The New Scientist has the skinny on the latest salvo in the war on Darwin: a resurrection of Cartesian dualism, with the idea that the brain is a physical object, but the mind that inhabits it is made from some kind of ghostly jesusite-235 that conclusively proves the existence of the Invisible Sky Daddy in a white robe and beard:
Schwartz and Beauregard are part of a growing "non-material neuroscience" movement. They are attempting to resurrect Cartesian dualism – the idea that brain and mind are two fundamentally different kinds of things, material and immaterial – in the hope that it will make room in science both for supernatural forces and for a soul. The two have signed the "Scientific dissent from Darwinism" petition, spearheaded by the Seattle-based Discovery Institute, headquarters of the intelligent design movement. ID argues that biological life is too complex to have arisen through evolution.

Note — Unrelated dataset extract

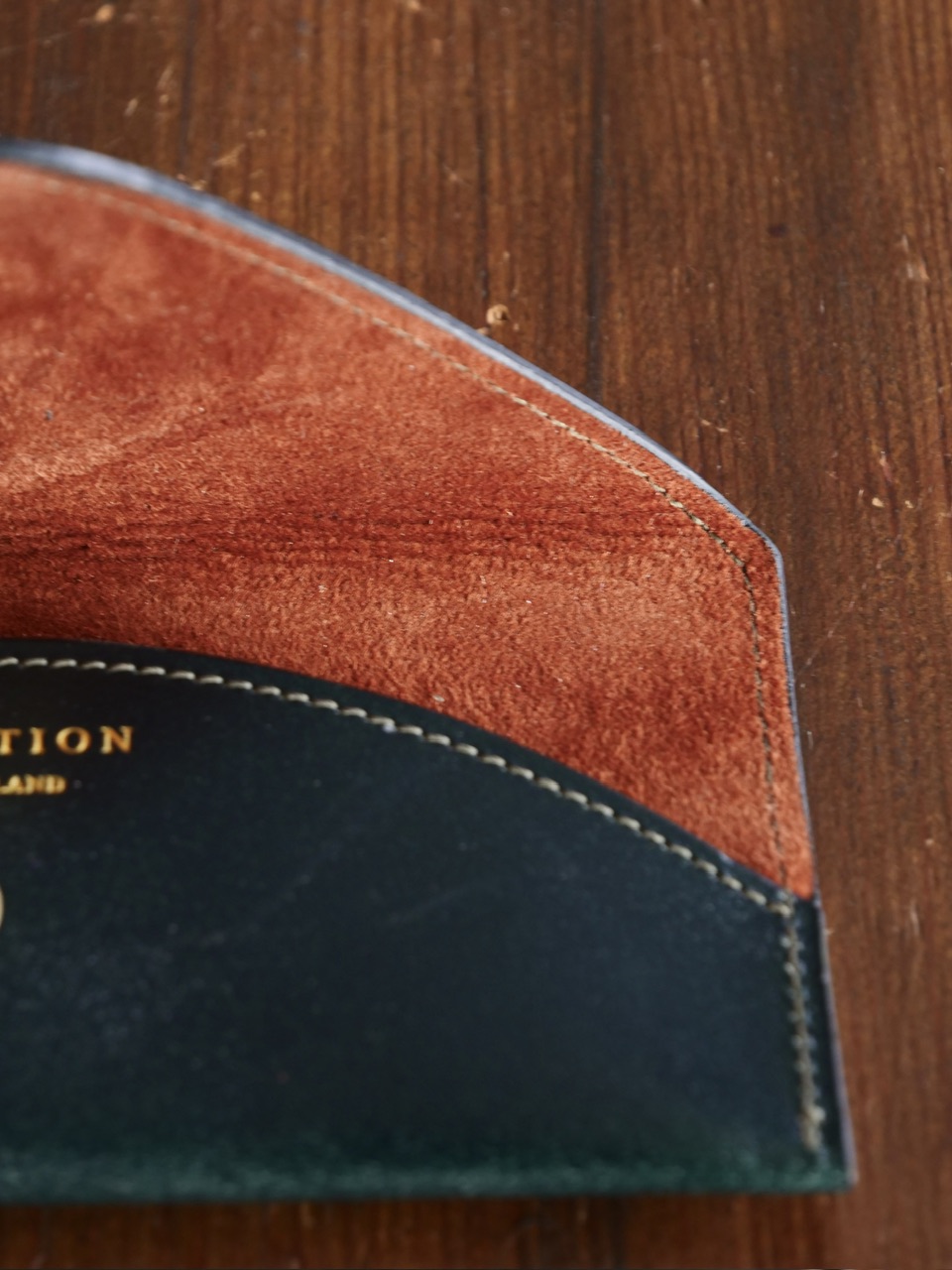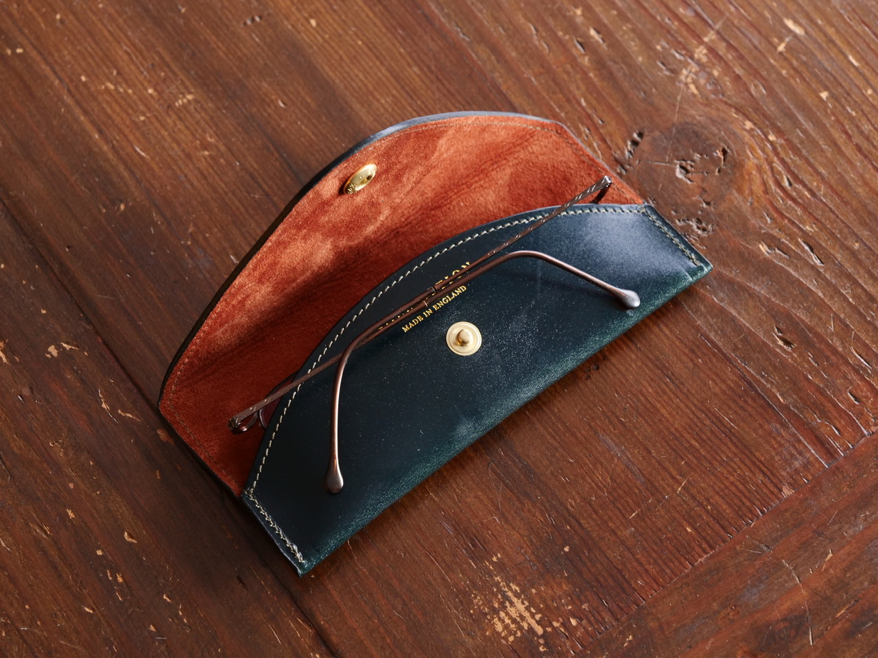 内側、メガネが触れる部分にはピッグスエードを。
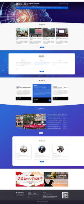 版块底部叠加背景色块的设计,视觉上更加简约,采用左右箭头点击滚动操作,提升了用户体验好感度。教学科研版块采用左右滚动最新新闻卡片设计,突出交互效果,使页面看起来更加生动。党群建设和学生工作版块利用渐变色块和圆角矩形的颜色对比,将两大版块分隔的同时又大量提升了页面的美观度,使页面看起来更柔和。

In August, the Discovery Institute ran its 2008 Insider's Briefing on Intelligent Design, at which Schwartz and Michael Egnor, a neurosurgeon at Stony Brook University in New York, were invited to speak. When two of the five main speakers at an ID meeting are neuroscientists, something is up. Could the next battleground in the ID movement's war on science be the brain?
Well, the movement certainly seems to hope that the study of consciousness will turn out to be "Darwinism's grave", as Denyse O'Leary, co-author with Beauregard of The Spiritual Brain, put it. According to proponents of ID, the "hard problem" of consciousness – how our subjective experiences arise from the objective world of neurons – is the Achilles heel not just of Darwinism but of scientific materialism. This fits with the Discovery Institute's mission as outlined in its "wedge document", which seeks "nothing less than the overthrow of materialism and its cultural legacies", to replace the scientific world view with a Christian one.